AUBURN — The Maine Department of Labor on Wednesday released the results of a study on rooftop falls similar to that which left a Biddeford man in critical condition last week.

George Beam, 43, remained at Central Maine Medical Center in Lewiston on Wednesday, a week after he fell through a skylight while fixing a heating system on top of the Auburn Mall.

In the days after his fall, Beam was listed in critical condition at CMCC. On Wednesday, a hospital spokeswoman said no information on Beam’s condition was being released, which usually indicates that the family has asked for privacy.

According to a fundraiser page, Beam suffered head trauma and a broken neck when he fell about 20 feet to the concrete floor inside the mall. A GoFundMe page has been set up to help Beam and his family with medical costs.

“George is an amazing friend to many and a terrific person in general,” according to the GoFundMe page. “Please donate what you can to aid in his recovery and daily living expenses that he will be unable to maintain while recovering from this tragic accident. Every little bit helps. And I would also ask for your prayers at this time as well. This is going to be a long road to recovery for George.”

The Department of Labor’s report, “Roofing and Building Exterior Worker Falls in Maine 2011-2013,” focuses on fall injuries among Maine’s roofing and building exterior construction workers, factors that may have contributed to them and regulatory and enforcement efforts to reduce them.

From 2011 through 2013, four workers died as a result of falls, according to the report, while another 34 Maine workers were injured as a result of falls from roofs, falls onto roofs, and falls from ladders, scaffoldings and staging.

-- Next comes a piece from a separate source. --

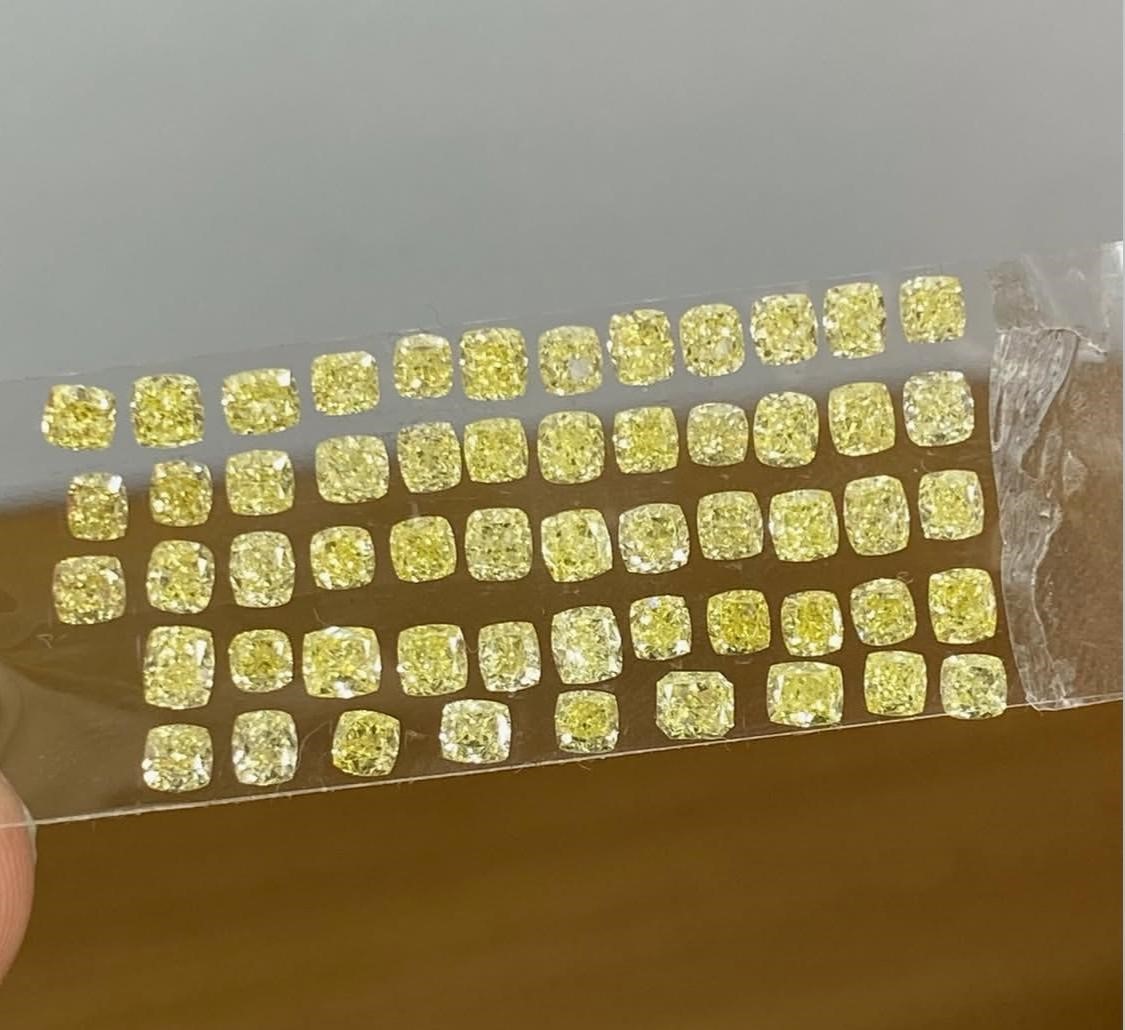 8.64ct is a layout of all cushion Shape Natural Fancy Yellow Cushion Cut diamond layout.

This report provides data on the causes of these incidents, the kinds of injuries incurred by the workers and associated Workers’ Compensation costs. It also provides information regarding federal regulations standards, enforced by the Occupational Safety and Health Administration, pertaining to fall-protection safety in the construction industry and penalties levied against employers for violations of those standards.

Maine Workers’ Compensation claim costs for the 34 worker injuries resulting from roof, scaffolding and ladder falls in 2011–2013 were about $1.05 million. About 75 percent of that ($762,782) was for medical and rehabilitation care and about 25 percent ($259,124) for time away from work and claim settlements. The average cost per injury claim was $30,931.

The report is available at maine.gov/labor/labor_stats/research.html.

OSHA is investigating the fall that left Beam injured. The probe is expected to last at least two weeks.

In Massachusetts, a similar fall through a store skylight left a teenager in critical condition less than a week after Beam was hurt.

The 17-year-old student was part of a crew shoveling the roof of Frugal Fannie’s clothing store in Westwood when he fell. A Westwood Fire Department spokesman said he fell about 25 feet and was flown to a Boston hospital with undisclosed injuries.